Sarcoma of head and/or neck

Last edited: 4/14/2026

Overview

Sarcoma of the head and neck is a rare and aggressive malignancy that primarily affects older adults, often presenting unique challenges in diagnosis and management due to its location and patient comorbidities. 2

Diagnosis

  • Clinical Presentation: Often presents with local symptoms such as pain, swelling, or ulceration.
  • Imaging: CT and MRI are essential for assessing extent and involvement of surrounding structures.
  • Biopsy: Definitive diagnosis requires histopathological examination via biopsy.
  • Differential Diagnosis: Includes other head and neck malignancies, chronic infections, and benign tumors. 4
  • Management

  • Surgical Resection: Primary treatment often involves wide local excision with clear margins.
  • Adjuvant Therapy: May include radiation therapy or chemotherapy, especially for advanced cases.
  • Geriatric Assessment: Recommended for elderly patients to predict postoperative complications and tailor management. 2
  • Special Populations

  • Elderly Patients: Geriatric assessment is crucial for predicting complications and guiding surgical approaches like abscess tonsillectomy followed by intraoral drainage for complex abscesses. 12
  • Comorbidities: Frailty, as measured by tools like the Geriatric 8 (G8), significantly impacts postoperative outcomes and should be carefully evaluated. 2
  • Key Recommendations

  • Conduct a comprehensive geriatric assessment, particularly focusing on frailty indicators, in elderly patients with head and neck sarcoma to predict and mitigate postoperative complications. (Evidence: Moderate) 2
  • Consider abscess tonsillectomy followed by intraoral drainage as a surgical approach for managing complex abscesses in elderly patients with concomitant peritonsillar abscess. (Evidence: Weak) 1
  • Tailor adjuvant therapies (radiation, chemotherapy) based on tumor stage and patient-specific factors, including comorbidities and functional status. (Evidence: Expert opinion)
  • References

    1 Ohori J, Iuchi H, Nagano H, Umakoshi M, Matsuzaki H, Kurono Y. The usefulness of abscess tonsillectomy followed by intraoral drainage for parapharyngeal abscess concomitant with peritonsillar abscess in the elderly.

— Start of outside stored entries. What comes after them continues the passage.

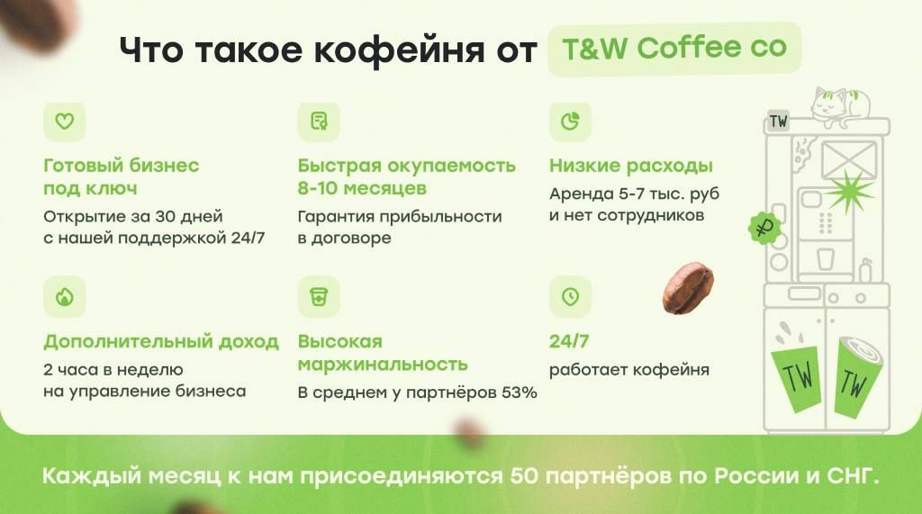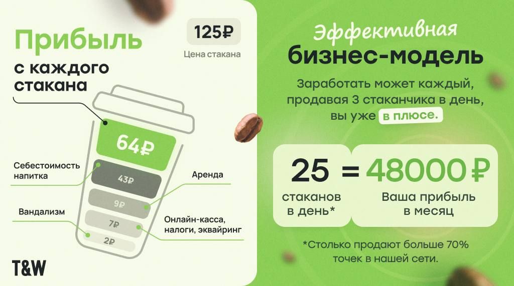 Решили с женой начать своё дело в кофейном бизнесе. Выбор пал на компанию T&W. И мы не прогадали!
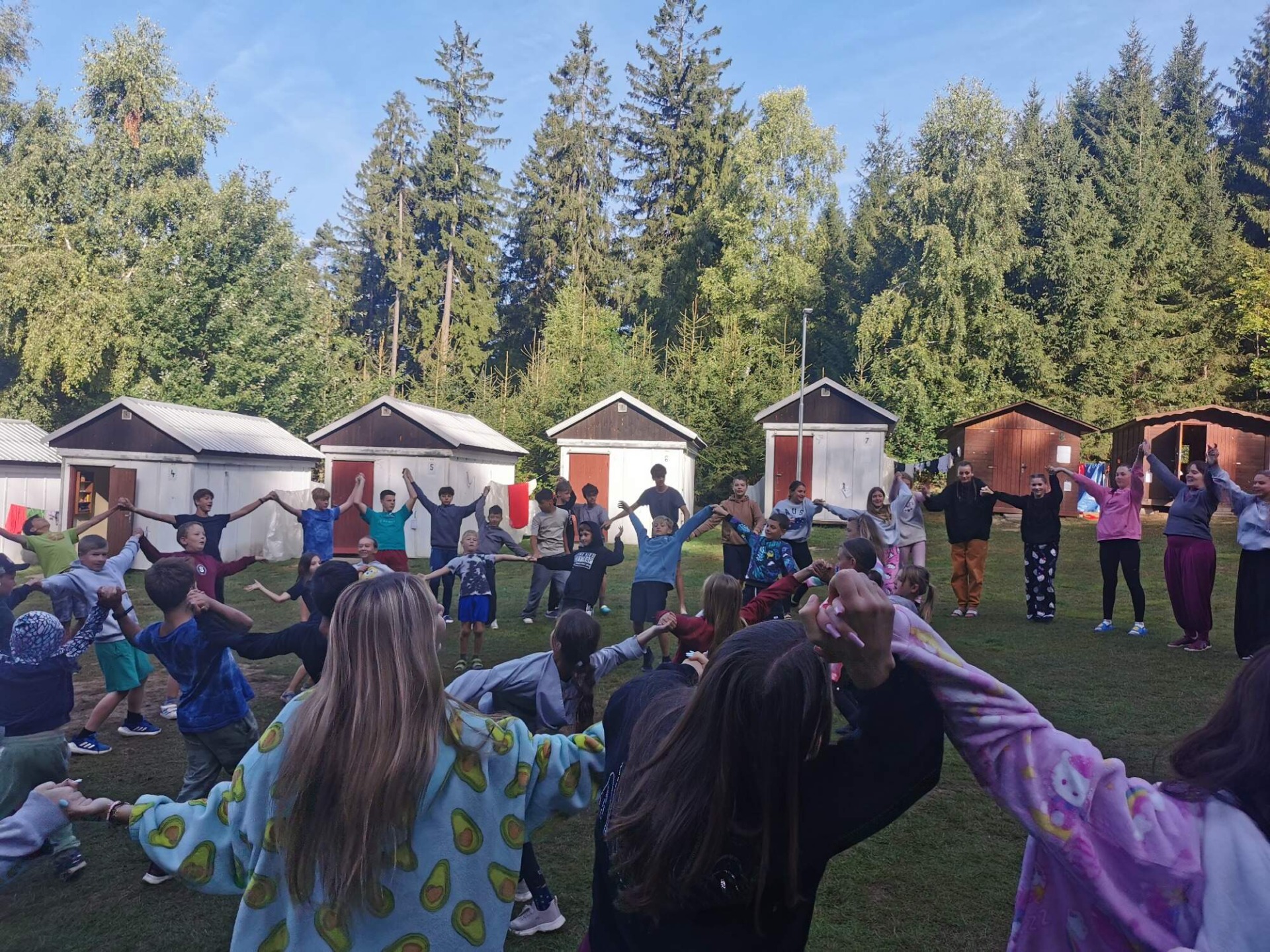 Ráno se všichni probudí, společně se protáhnou za doprovodu hudby, poté si jdou vyčistit zuby, uklidí si stany a nakonec se jde na snídani.Dopolední program
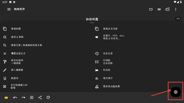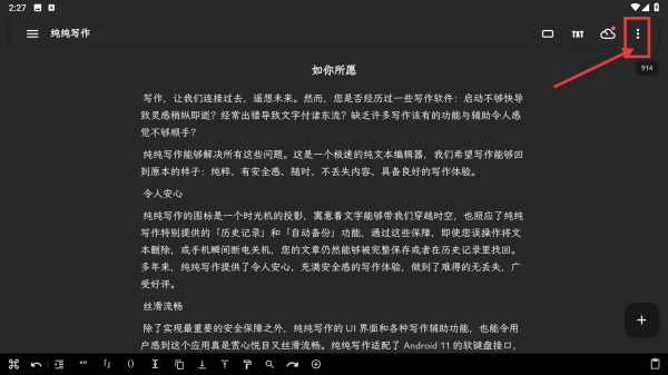 1、打開純純寫作應(yīng)用,點擊右上角三點菜單按鈕,展開功能菜單。
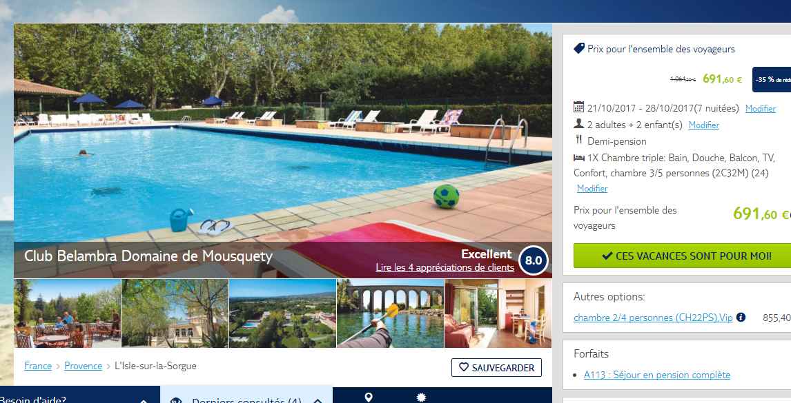 Toussaint: Belambra club l’isle sur la sorgue à 691€ pour 2ad + 2 enfants ( 1100 sur le site officiel)
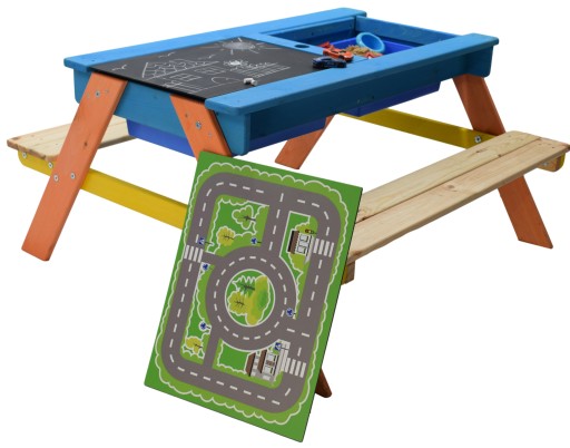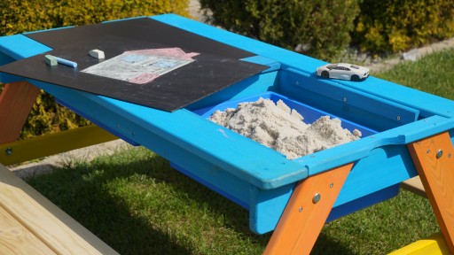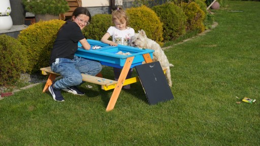 ✔️ Pod blatem stołu znajdują się dwa niebieskie plastikowe pojemniki, które można wypełnić piaskiem lub wodą, można tam trzymać również zabawki.
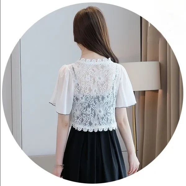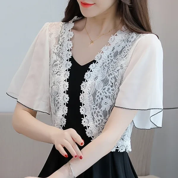 Women Lace Shawl Hollow Out Shrug Bolero Capelet Cardigan Cape Short Sleeve Summer Tops

Auris, nasus, larynx 2020. link 2 de Vries J, Heirman AN, Bras L, Plaat BEC, Rácz E, van Kester MS et al.. Geriatric assessment of patients treated for cutaneous head and neck malignancies in a tertiary referral center: Predictors of postoperative complications. European journal of surgical oncology : the journal of the European Society of Surgical Oncology and the British Association of Surgical Oncology 2020. link 3 Friedman R, Fang CH, Hasbun J, Han H, Mady LJ, Eloy JA et al.. Use of standardized letters of recommendation for otolaryngology head and neck surgery residency and the impact of gender. The Laryngoscope 2017. link 4 Christiansen TA, Meyerhoff WL, Quick CA. Styloid process neuralgia: myth or fact. Archives of otolaryngology (Chicago, Ill. : 1960) 1975. link

    Original source

    1. [1]
    2. [2]
      Geriatric assessment of patients treated for cutaneous head and neck malignancies in a tertiary referral center: Predictors of postoperative complications.de Vries J, Heirman AN, Bras L, Plaat BEC, Rácz E, van Kester MS et al. European journal of surgical oncology : the journal of the European Society of Surgical Oncology and the British Association of Surgical Oncology (2020)
    3. [3]
      Use of standardized letters of recommendation for otolaryngology head and neck surgery residency and the impact of gender.Friedman R, Fang CH, Hasbun J, Han H, Mady LJ, Eloy JA et al. The Laryngoscope (2017)
    4. [4]
      Styloid process neuralgia: myth or fact.Christiansen TA, Meyerhoff WL, Quick CA Archives of otolaryngology (Chicago, Ill. : 1960) (1975)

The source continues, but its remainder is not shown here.